According to Hickey, the hotel’s 250-seater signature restaurant Misto features a show kitchen and buffet with offerings that vary according to season. He takes pride in the fact that its resident chefs socialize with the guests, ready to surprise them by whipping up a dish according to their cravings or preference.
He is also keen to position Seda’s sixth and latest addition to its chain of hotels for the great value it will offer guests in terms of location. As a centerpiece in Vertis North, it is at the heart of an up-and-coming urban community that, when looking at a bigger perspective, can compete for attention with its counterparts situated in more-established Makati City and Bonifacio Global City.
Leading the charge
ARMED with the same global acumen and industry expertise, the Seda GGM disclosed that he would also be at the helm of the up-and-coming 150-room Seda Lio Resort in El Nido, Palawan. There, he plans to continue to lead the charge on customer experience, one that banks on the Filipinos’ service and hospitality in a novel way.

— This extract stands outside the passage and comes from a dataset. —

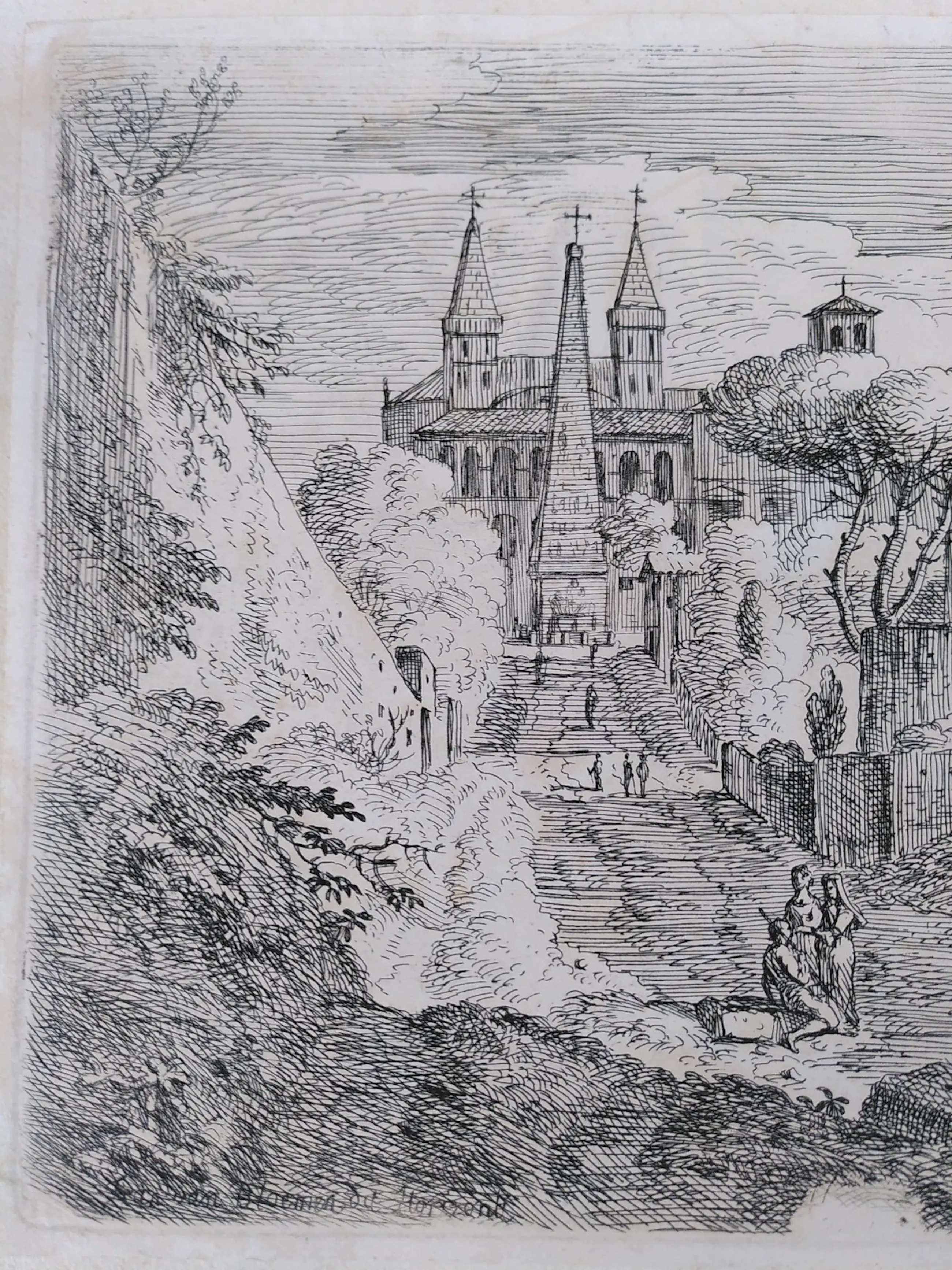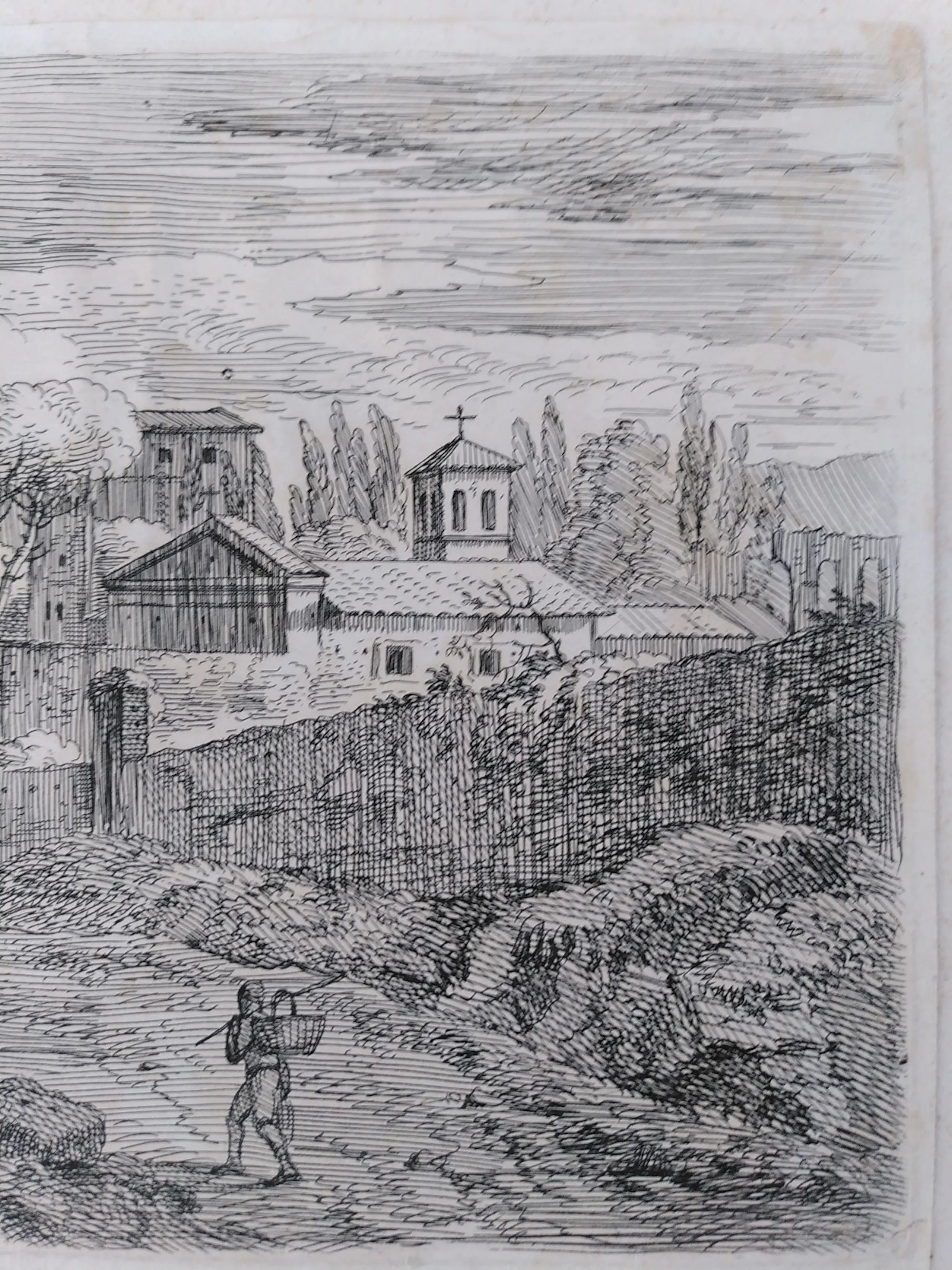 Het betreft een Italiaans landschap met op de voorgrond enkele figuren en op de achtergrond een klooster met monument.

That said, he opined: “Hospitality is something innate rather than taught,” and that “service should be real and felt, embodied by hosts who are more than eager to give you anything it is in their power, without having to be intrusive.”
Given those statements, what then, for him, constitutes a good stay?
“It is when the guests’ actual experiences surpass what they are initially looking for. A good stay is what happens when you give them what they ask for—at a level that they are not expecting,” Hickey pointed out. “Case in point: Every hotel and restaurant in this area has a large buffet, but [what their food and beverage personnel] does is just to stay in the kitchen concocting dishes and serving them to people behind the bar. In contrast, chefs at Misto of Seda Vertis North are actually at ‘front and center’ of the dining area and go out in the open. They visit one table to the next, bringing something wonderful in one hand, while saying to our diners, ‘It is not on the buffet right now, but I want you to try it.’”
Designed for trust
PRIMED with the sheer promise and potential of redefining the hotel and hospitality landscape, Hickey declared that, “Seda is designed for trust.”
That certain level of trust, he said, comes from the fact that Seda is a homegrown brand, with its signature service and hospitality guests have grown accustomed to.
“Anybody who has visited the Philippines and has stepped inside a Filipino home knows what being pampered is like. That is precisely the homegrown brand of service and hospitality Seda is about, and not just something that it tries to replicate. Our guests can trust us on that.”
With the executive from North America at Seda’s helm, the service and hospitality levels of hotels have moved several notches.
Northward, to where Seda Vertis North is.